### [Exercise prompt]
Only the lines from the one that contains "浴室ドアの外側にはタオル掛け" through the last line of the data below should be duplicated, exactly and without pictures.

Start of Data shown

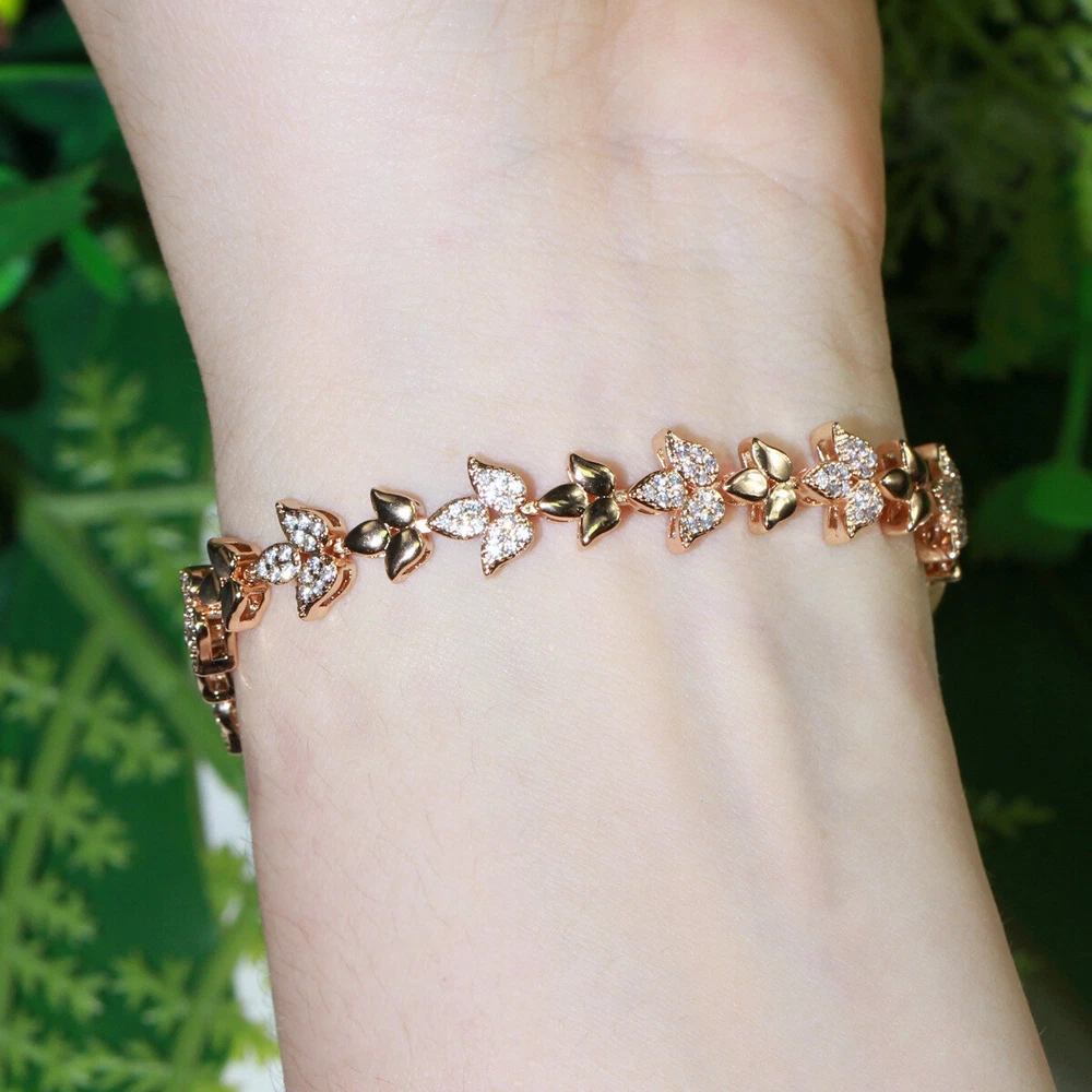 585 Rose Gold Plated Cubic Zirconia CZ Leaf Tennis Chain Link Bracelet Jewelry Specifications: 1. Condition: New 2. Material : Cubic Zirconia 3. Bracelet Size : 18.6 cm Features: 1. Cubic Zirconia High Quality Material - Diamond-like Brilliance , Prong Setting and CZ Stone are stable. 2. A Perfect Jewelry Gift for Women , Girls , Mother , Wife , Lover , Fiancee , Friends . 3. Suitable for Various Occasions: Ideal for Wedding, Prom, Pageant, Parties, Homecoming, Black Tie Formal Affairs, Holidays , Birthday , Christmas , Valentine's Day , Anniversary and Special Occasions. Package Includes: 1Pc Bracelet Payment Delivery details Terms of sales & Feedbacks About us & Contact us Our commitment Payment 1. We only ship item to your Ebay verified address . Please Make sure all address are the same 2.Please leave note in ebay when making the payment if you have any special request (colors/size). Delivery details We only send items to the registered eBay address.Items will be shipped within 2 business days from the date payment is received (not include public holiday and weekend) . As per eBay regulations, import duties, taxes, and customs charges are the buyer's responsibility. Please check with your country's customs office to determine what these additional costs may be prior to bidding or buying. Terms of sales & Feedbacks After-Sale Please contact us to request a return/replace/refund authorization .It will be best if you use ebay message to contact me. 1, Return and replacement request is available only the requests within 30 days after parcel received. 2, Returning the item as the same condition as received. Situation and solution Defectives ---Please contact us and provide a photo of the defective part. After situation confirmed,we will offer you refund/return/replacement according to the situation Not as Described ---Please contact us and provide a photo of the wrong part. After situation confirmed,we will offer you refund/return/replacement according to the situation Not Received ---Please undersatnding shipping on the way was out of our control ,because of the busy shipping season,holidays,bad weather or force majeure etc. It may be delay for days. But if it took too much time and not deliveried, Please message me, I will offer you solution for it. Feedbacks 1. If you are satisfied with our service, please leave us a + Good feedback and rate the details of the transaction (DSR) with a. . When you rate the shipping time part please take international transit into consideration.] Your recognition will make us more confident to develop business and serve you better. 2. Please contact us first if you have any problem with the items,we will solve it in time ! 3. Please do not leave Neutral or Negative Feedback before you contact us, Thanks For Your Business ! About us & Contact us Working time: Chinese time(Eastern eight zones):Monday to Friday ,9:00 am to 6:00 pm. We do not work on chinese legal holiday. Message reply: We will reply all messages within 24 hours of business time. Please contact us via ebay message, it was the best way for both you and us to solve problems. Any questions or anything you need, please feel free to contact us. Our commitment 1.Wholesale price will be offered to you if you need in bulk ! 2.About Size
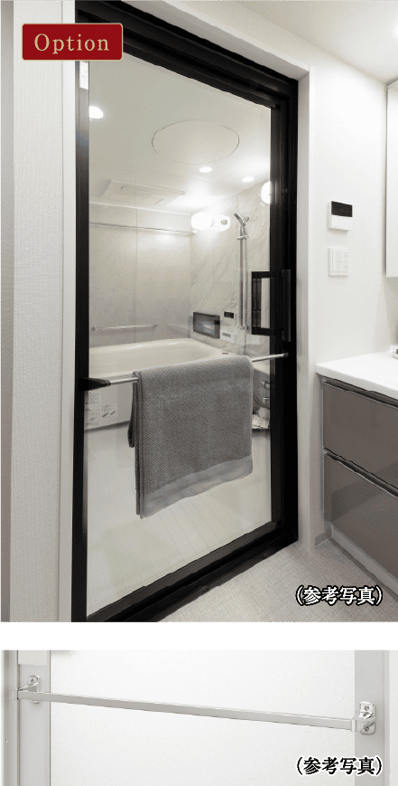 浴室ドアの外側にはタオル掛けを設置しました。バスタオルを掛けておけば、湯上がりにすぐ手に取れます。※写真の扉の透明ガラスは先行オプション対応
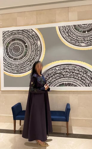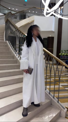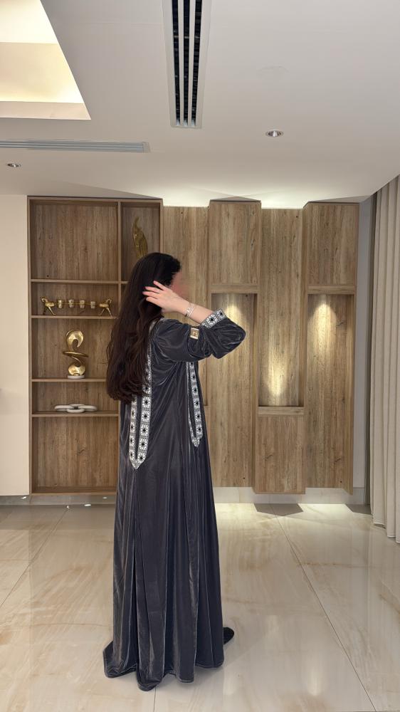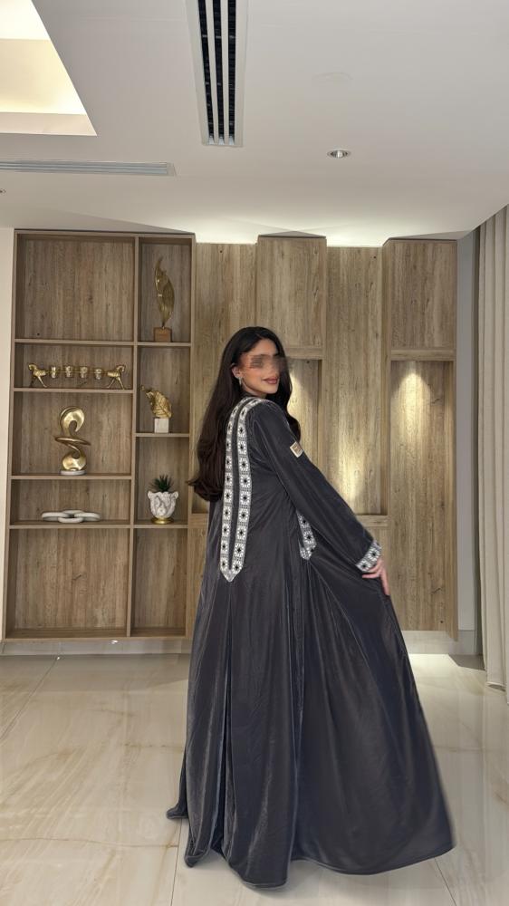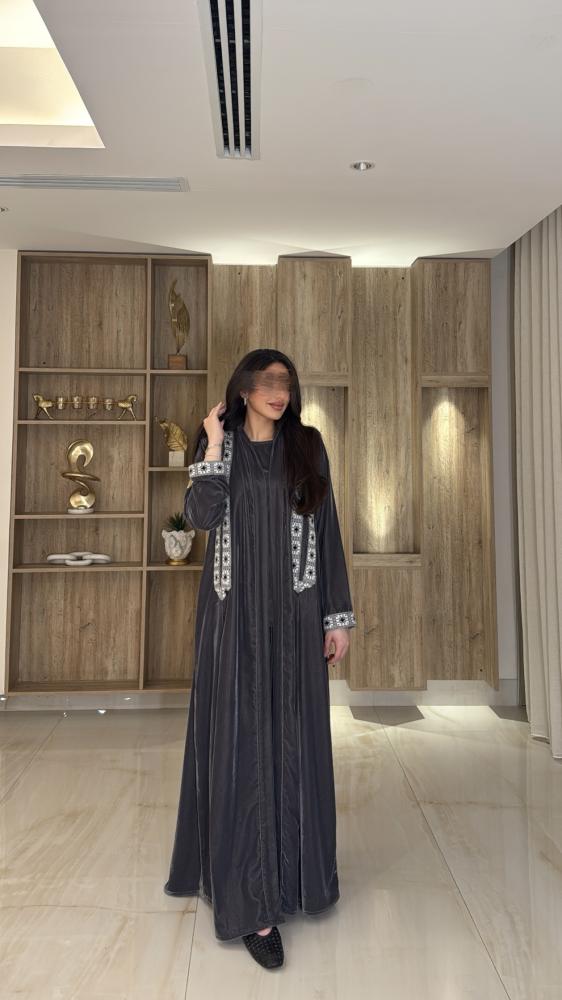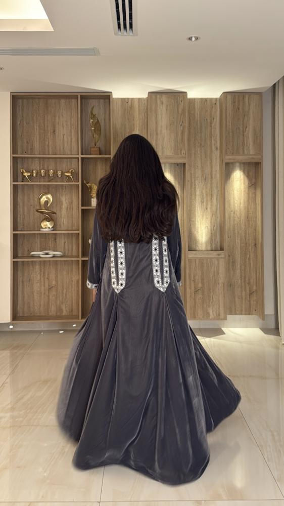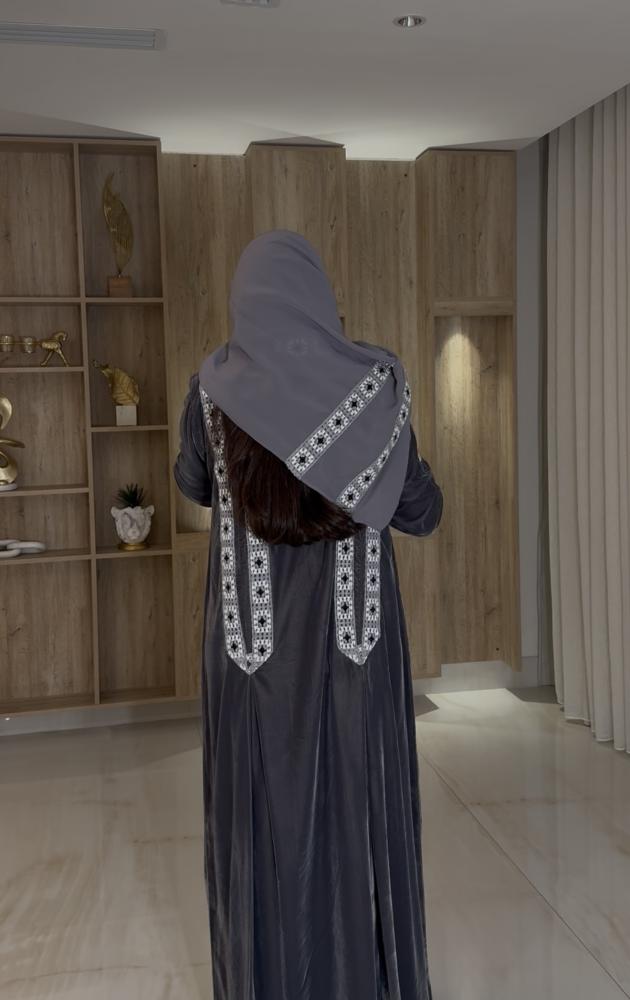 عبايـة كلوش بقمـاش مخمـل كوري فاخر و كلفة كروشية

End of Data shown

### [Solution to this exercise]
 浴室ドアの外側にはタオル掛けを設置しました。バスタオルを掛けておけば、湯上がりにすぐ手に取れます。※写真の扉の透明ガラスは先行オプション対応
 عبايـة كلوش بقمـاش مخمـل كوري فاخر و كلفة كروشية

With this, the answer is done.